Q    Avec des actifs sous gestion de 2 milliards $ et la participation à la pérennité de 450 entreprises, le Mouvement Desjardins, par l’entremise de Desjardins Capital, en fait-il suffisamment pour soutenir la croissance des PME, notamment en matière de capital de risque?

R    J’ai l’ambition de les faire grimper à 5 milliards $ et, pourquoi pas, à 10 milliards $. Il y a du capital de risque au Québec, mais pas nécessairement dans toutes les régions de la province. La force de Desjardins, c’est sa décentralisation sur le territoire. Comment peut-on optimiser encore davantage notre présence pour réussir à faire émerger ces entreprises qui poussent dans l’ombre à Thetford Mines ou dans le Kamouraska ? En augmentant de façon significative l’enveloppe consacrée au capital de risque.

Q    Vous voulez accorder des leviers additionnels à Desjardins Capital, mais pour investir dans quels types d’entreprises?

R    Nous pensons, évidemment, aux entreprises qui sont éloignées des grands investisseurs privés, notamment celles situées à l’extérieur de la grande région de Montréal. Nous avons également à l’oeil les fintechs et tout ce qui bouge en matière d’intelligence artificielle. Nous voulons continuer à aider les PME qui ont des ambitions internationales. Dans bien des cas, le coup de pouce ne passe pas seulement par le financement, mais aussi par l’accompagnement grâce à notre réseau de mentors.

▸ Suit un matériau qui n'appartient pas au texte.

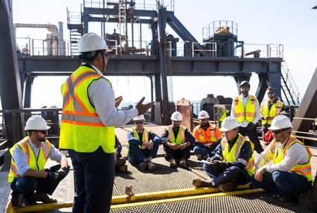 Shipyard workers in bright orange hard hats stand together at an industrial harbor, discussing their tasks while giant cargo ships loom in the background.
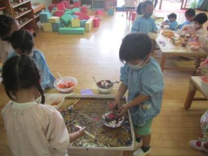 数日前から、ケーキやかき氷をつくって遊ぶことを楽しんでいたもも組。

Q    Desjardins Capital a-t-il un rôle à jouer dans les mouvements de transferts d’entreprises?

R    Plus que jamais. Au Québec, nous avons des discussions enflammées sur l’emplacement des sièges sociaux des entreprises. Toutes les ventes d’entreprise québécoise à des intérêts étrangers n’ont pas la même résonance que celle de RONA. Il est important d’investir pour garder nos entreprises et nos emplois ici. 

Q    Quel est le rendement recherché par Desjardins Capital ?

R Nous sommes des investisseurs patients. Certains investisseurs en capital de risque ont une date d’entrée et une date de sortie. Ils veulent monétiser leur investissement. Nous, chez Desjardins, nous avons une vision à long terme. Il faut, parfois, savoir s’élever au-delà du rendement strictement financier d’une décision d’affaires. Nous avons récemment créé le fonds Desjardins Capital PME (500 millions $) qui permet aux épargnants de diversifier leur portefeuille de placement et de contribuer au développement économique du Québec en apportant de l’eau au moulin des PME prometteuses. Une étude réalisée par la firme indépendante EcoTec Consultants montre que pour 1 $ de crédit d’impôt qui est accordé par le gouvernement du Québec dans le cadre de Capital régional et coopératif Desjardins, il va rechercher 11 fois sa mise en revenus fiscaux.